## WHAT NEEDS TO BE DONE
In the entries below, begin at the line that has "17级汉二班贾璐、17级汉二", stop after the line that has "Stand proud with", and output those lines exactly with no pictures.

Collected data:
▬▬▬▬▬▬▬▬▬▬

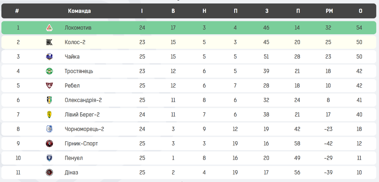 - «Чорноморець-2» — «Гірник-Спорт» — 1:0
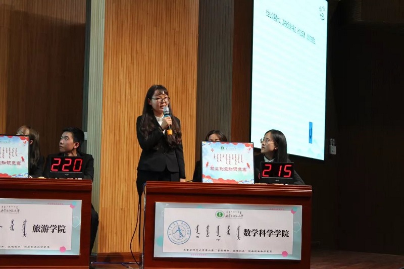 17级汉二班贾璐、17级汉二班孟昆令、18级统计班邢鉴玮代表公司参加比赛,她们在场上从容回答,展现自我。
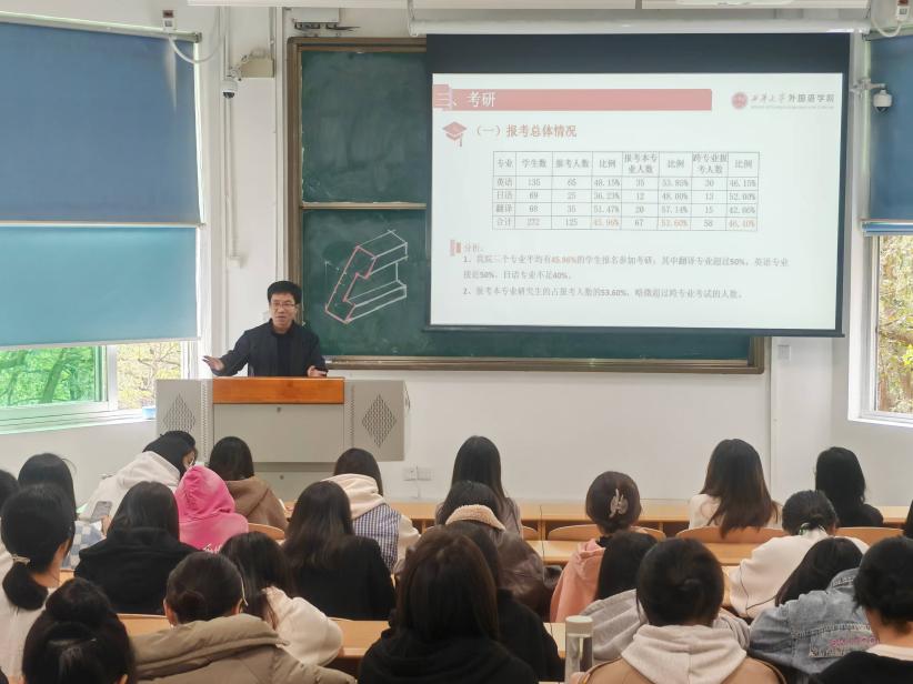 教学办主任曾渝理、英语系系主任梁勇也分别在会上发言,他们就考研和就业的具体问题与学生进行了互动交流,为学生提供了实用的建议。梁勇老师对学生本学期陆续进行的毕业实习、毕业论文撰写等进行了进一步指导和答疑。
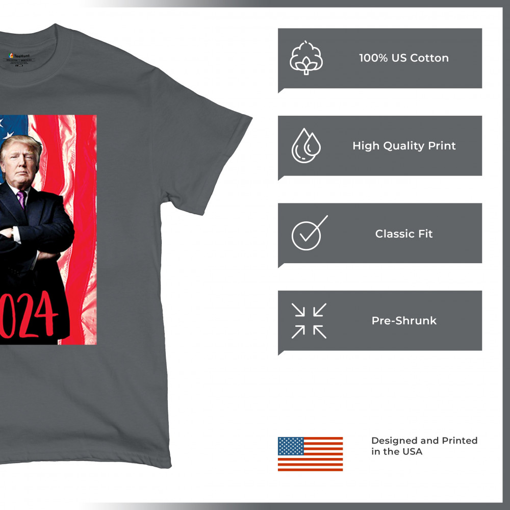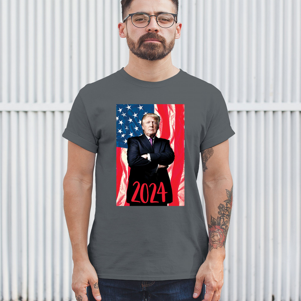 Stand proud with our Donald Trump 2024 design, a bold statement for America's future. Perfect for patriots and conservatives who champion victory, trust, and unity. Join the movement.
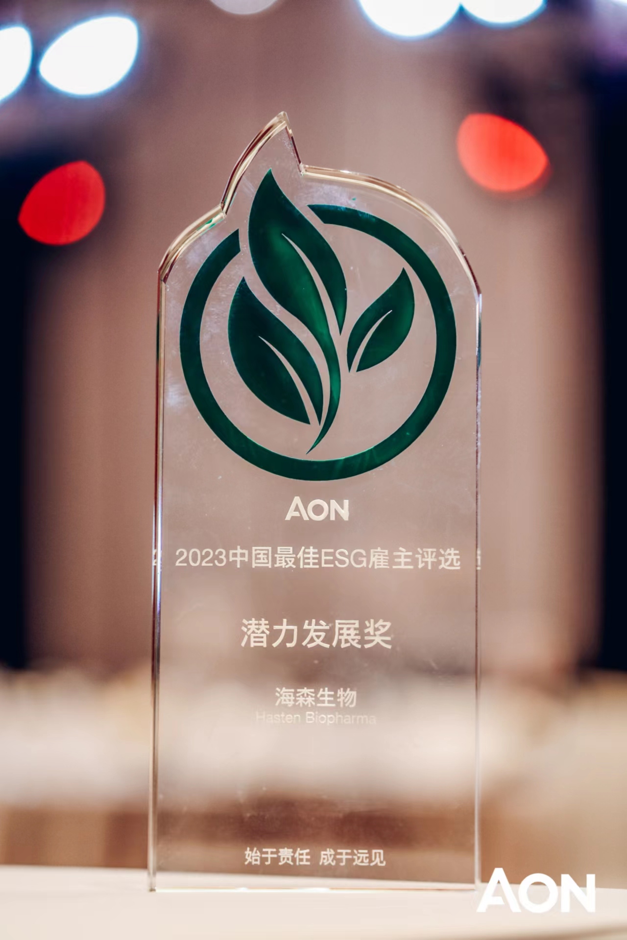 海森生物首席執(zhí)行官夏少斐表示:“感謝怡安集團和評審團對海森生物的認可,作為一家成立僅3年、商業(yè)運營僅18個月的中國生物醫(yī)藥企業(yè),海森生物正處在飛速發(fā)展和不斷完善全產(chǎn)業(yè)鏈的過程中,我們深度認同ESG對企業(yè)實現(xiàn)高質(zhì)量發(fā)展的重要意義,始終將ESG的建設(shè)融入到海森生物的發(fā)展戰(zhàn)略中。今后,海森生物將不斷加大ESG理念的踐行力度,貫徹可持續(xù)發(fā)展的核心精神,堅守使命,造福更多患者,共創(chuàng)社會健康價值!”

▬▬▬▬▬▬▬▬▬▬

## ANSWER BOX
 17级汉二班贾璐、17级汉二班孟昆令、18级统计班邢鉴玮代表公司参加比赛,她们在场上从容回答,展现自我。
 教学办主任曾渝理、英语系系主任梁勇也分别在会上发言,他们就考研和就业的具体问题与学生进行了互动交流,为学生提供了实用的建议。梁勇老师对学生本学期陆续进行的毕业实习、毕业论文撰写等进行了进一步指导和答疑。
 Stand proud with our Donald Trump 2024 design, a bold statement for America's future. Perfect for patriots and conservatives who champion victory, trust, and unity. Join the movement.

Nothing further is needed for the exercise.